If you didn’t have enough evidence before about the power and potential of soft branding in the lodging industry, Hilton Worldwide has officially thrown its hat into the ring. At the NYU Conference earlier this month, in a move that came as a surprise to virtually no one, Hilton launched its newest “brand.”

After all, Hilton’s president and CEO Chris Nassetta had all but said in recent months that a boutique or lifestyle brand was in the offing. Curio—A Collection by Hilton is defined by the company as a collection of boutique hotels that will operate under the company’s umbrella. From a branding standpoint, Hilton describes Curio with words like “authenticity,” “individuality,” and “character.” Stop me if you’ve heard any of this before.

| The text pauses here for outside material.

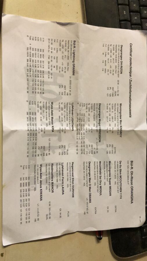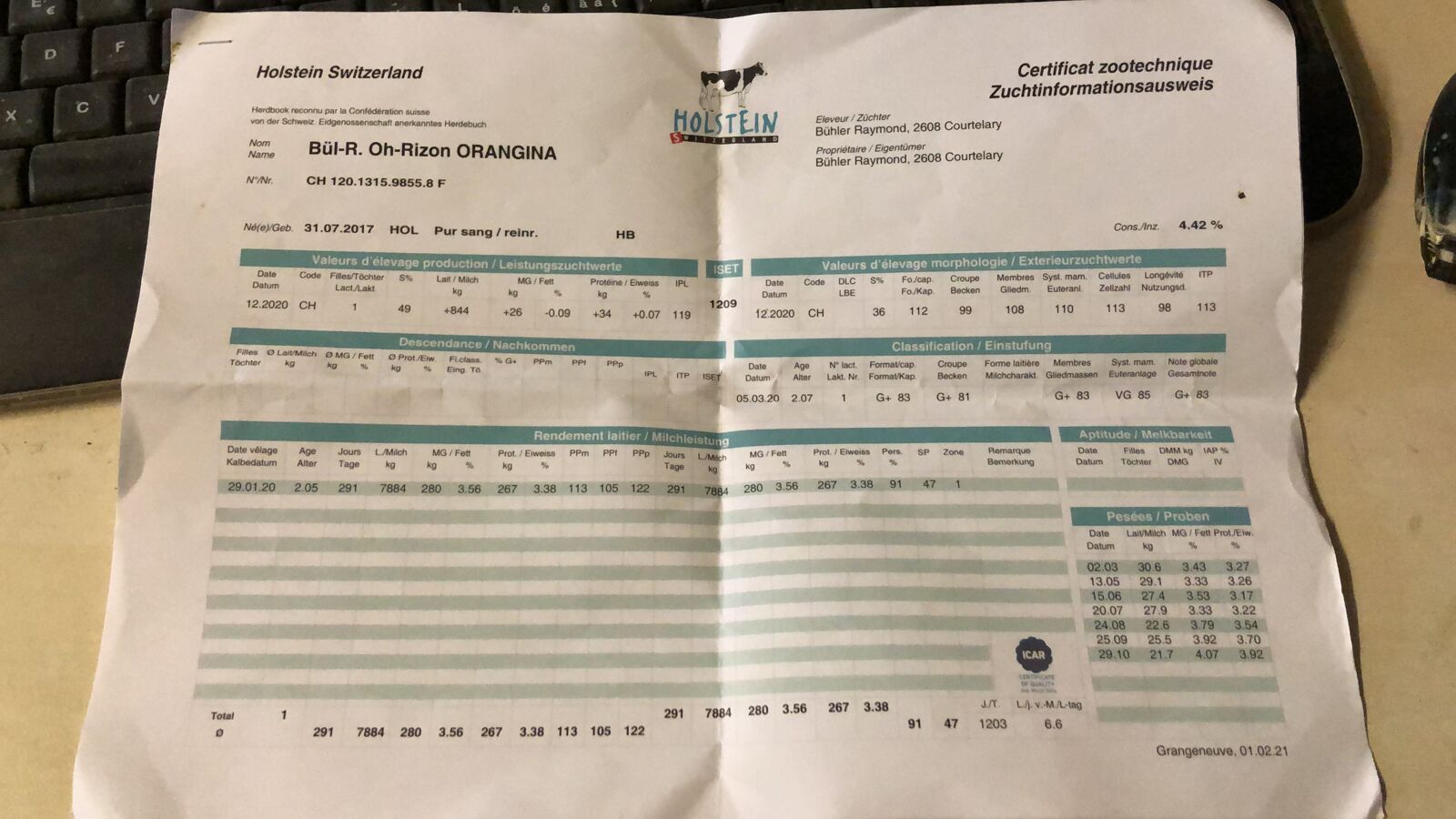 Bonne vache en 2 ème lactation , laitière, 40 kg garantie et 8 ‘ cellules , bonne morphologie G+ 83 1L avec VG 85 en système mammaire , sa mère EX 91 2E a produit 60’000 kg en 6 lactations. Gute junge Kuh am Anfang ihrer 2.Lakt.; produziert viel Milch, 40 TM garantiert und ZZ 8. Sie hat eine gute Morphologie: G+83 in 1.L mit VG85 im Eutersystem; ihr Mutter ist EX91 2E und produzierte 60'000 Kg in 6 Laktationen.

Some in the industry were surprised and you could even go as far as to say disappointed that what Hilton rolled out wasn’t a creative new, ground-up brand but rather another ‘collection’ similar to Autograph by Marriott. However, while some may refer to Curio as a copycat brand and not very imaginative, the reality is it was very much necessary.

Hilton, which has been operating as a publicly traded company since December, could no longer sit on the sidelines for this competitive boutique/lifestyle soft-branding race, which also includes Starwood’s Luxury Collection, Choice’s Ascend Collection and most recently the Quorvus Collection by Carlson Rezidor Hotel Group.

Launching a brand and getting it to reach critical mass takes lots of time and resources and with new construction still tough to get to pencil out, particularly in light of how difficult it can be to get lenders to underwrite a loan for an unproven brand with no track record, it’s especially challenging. Conversely, consider that Marriott’s Autograph Collection has grown to include some 60 properties in less than four years.

So if you’re Hilton, and others, why not appeal to the scores of independent properties looking for the benefits of a brand, such as the reservation system and loyalty programs, while maintaining their own look and feel? In fact, just weeks after the launch Hilton had already identified five properties that would soon be joining Curio and the company has publicly stated that it expects some 25 properties by the end of the year.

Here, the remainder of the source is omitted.